On Tue, Feb 25, 2025 at 01:43:41PM +0000, Yosry Ahmed wrote: > > Interesting, it's weird that crypto_free_acomp() allocates memory. Do you have the specific call path? crypto_free_acomp does not allocate memory. However, it takes the same mutex that is also taken on the allocation path. The specific call path can be seen in the original report: https://syzkaller.appspot.com/bug?extid=1a517ccfcbc6a7ab0f82 Cheers,
On Wed, Feb 26, 2025 at 09:25:23AM +0800, Herbert Xu wrote: > On Tue, Feb 25, 2025 at 01:43:41PM +0000, Yosry Ahmed wrote: > > > > Interesting, it's weird that crypto_free_acomp() allocates memory. Do you have the specific call path? > > crypto_free_acomp does not allocate memory. However, it takes > the same mutex that is also taken on the allocation path. > > The specific call path can be seen in the original report: > > https://syzkaller.appspot.com/bug?extid=1a517ccfcbc6a7ab0f82 After staring at this for a while I think the following situation could be the problem: Task A running on CPU #1: crypto_alloc_acomp_node() Holds scomp_lock Enters reclaim Reads per_cpu_ptr(pool->acomp_ctx, cpu) Task A is descheduled zswap_cpu_comp_dead(CPU #1) // CPU #1 going offline Holds per_cpu_ptr(pool->acomp_ctx, cpu)) Calls crypto_free_acomp() Waits for scomp_lock Task A running on CPU #2: Waits for per_cpu_ptr(pool->acomp_ctx, cpu) DEADLOCK In this case I think the fix is correct, thanks for looking into it. Could you please: (1) Explain the exact scenario in the commit log, I did not understand it at first, only after looking at the syzbot dashboard for a while (and I am not sure how long this persists). (2) Move all the freeing operations outside the mutex?

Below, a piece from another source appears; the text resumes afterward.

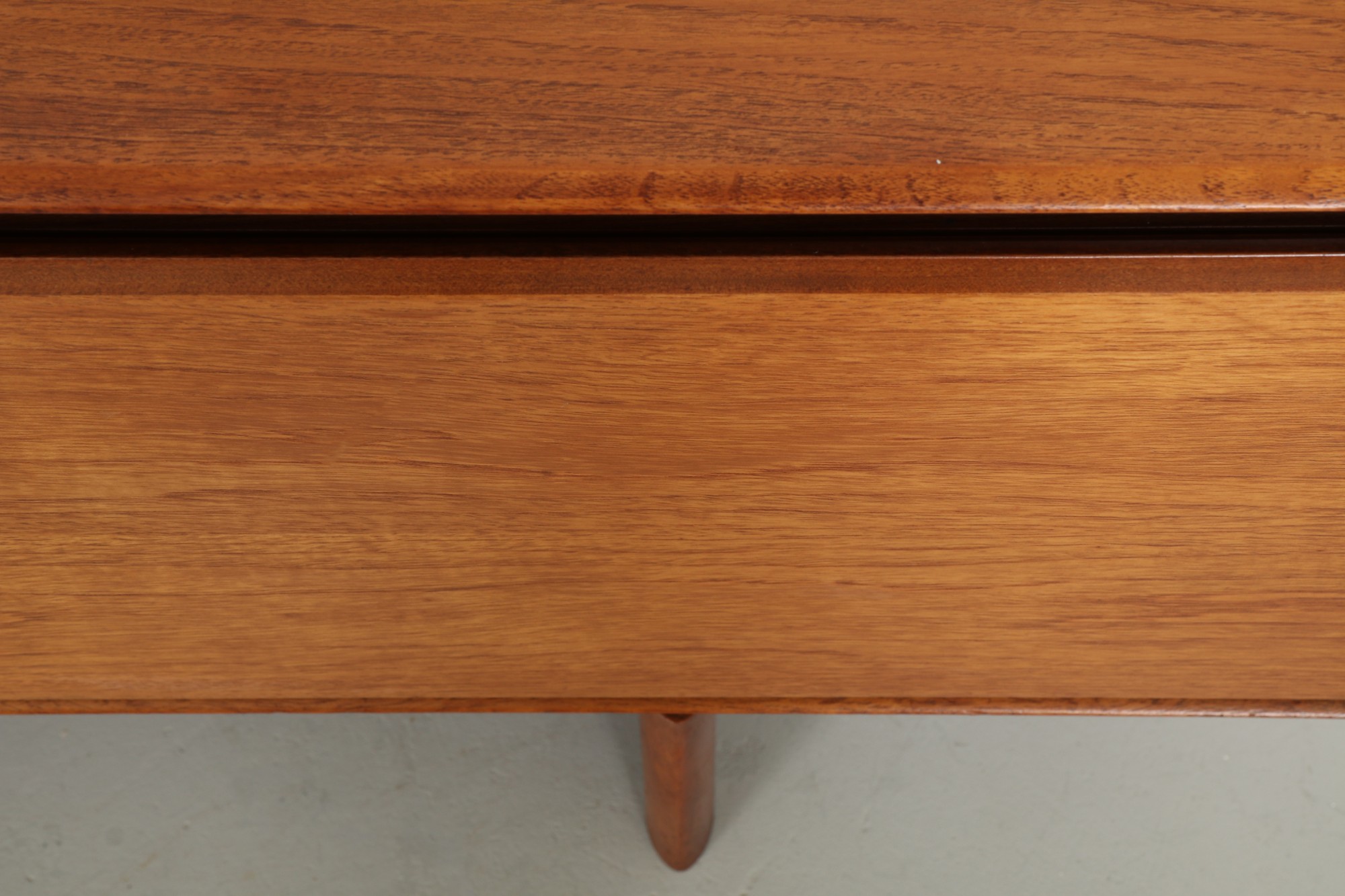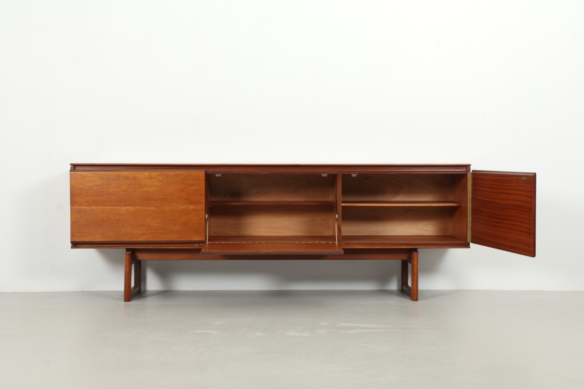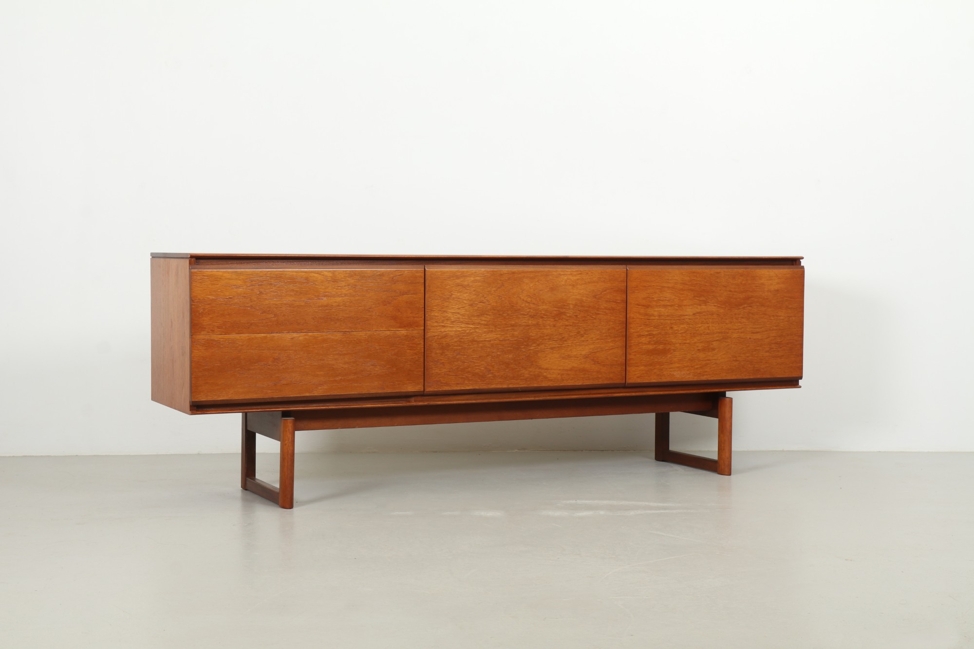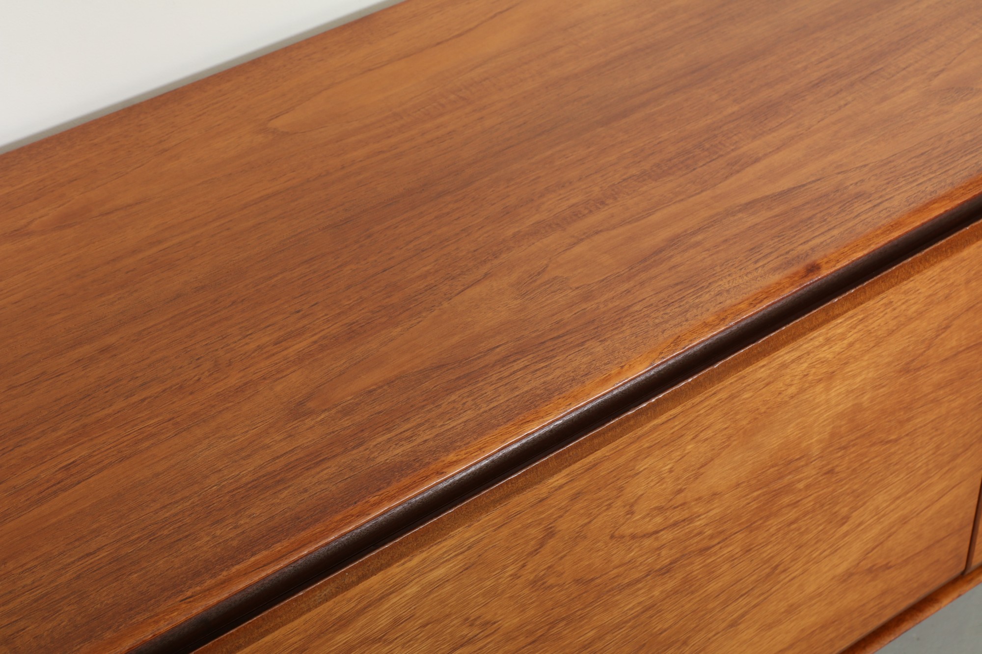 Set low on a crisp sleigh leg base, the Chilgrove sideboard by British designer Philip Hussey is a study in pared-back mid-century elegance. The streamlined profile celebrates luminous teak grain and precision craftsmanship, while thoughtful proportions suit modern living.

Right now crypto_free_acomp() was the problematic call but it could be acomp_request_free() next. Something like: static int zswap_cpu_comp_dead(unsigned int cpu, struct hlist_node *node) { struct zswap_pool *pool = hlist_entry(node, struct zswap_pool, node); struct crypto_acomp_ctx *acomp_ctx = per_cpu_ptr(pool->acomp_ctx, cpu); struct struct acomp_req *req; struct crypto_acomp *acomp; u8 *buffer; if (IS_ERR_OR_NULL(acomp_ctx)) return 0; mutex_lock(&acomp_ctx->mutex); req = acomp_ctx->req; acomp_ctx->req = NULL; acomp = acomp_ctx->acomp; acomp_ctx->acomp = NULL; buffer = acomp_ctx->buffer; acomp_ctx->buffer = NULL; mutex_unlock(&acomp_ctx->mutex); /* * Do the actual freeing after releasing the mutex to avoid subtle * locking dependencies causing deadlocks */ if (!IS_ERR_OR_NULL(req)) acomp_request_free(req); if (!IS_ERR_OR_NULL(acomp)) crypto_free_acomp(acomp); kfree(acomp_ctx->buffer); return 0; }
On Wed, Feb 26, 2025 at 02:08:14AM +0000, Yosry Ahmed wrote: > > Could you please: > > (1) Explain the exact scenario in the commit log, I did not understand > it at first, only after looking at the syzbot dashboard for a while (and > I am not sure how long this persists). > > (2) Move all the freeing operations outside the mutex? Right now > crypto_free_acomp() was the problematic call but it could be > acomp_request_free() next. > > Something like: Looks good to me. Feel free to send this patch since it is your system after all :) Thanks,
On Wed, Feb 26, 2025 at 10:10:22AM +0800, Herbert Xu wrote: > On Wed, Feb 26, 2025 at 02:08:14AM +0000, Yosry Ahmed wrote: > > > > Could you please: > > > > (1) Explain the exact scenario in the commit log, I did not understand > > it at first, only after looking at the syzbot dashboard for a while (and > > I am not sure how long this persists). > > > > (2) Move all the freeing operations outside the mutex? Right now > > crypto_free_acomp() was the problematic call but it could be > > acomp_request_free() next. > > > > Something like: > > Looks good to me. Feel free to send this patch since it is your > system after all :) Can do :) May I add your Co-developed-by and Signed-off-by since this would be based off your patch?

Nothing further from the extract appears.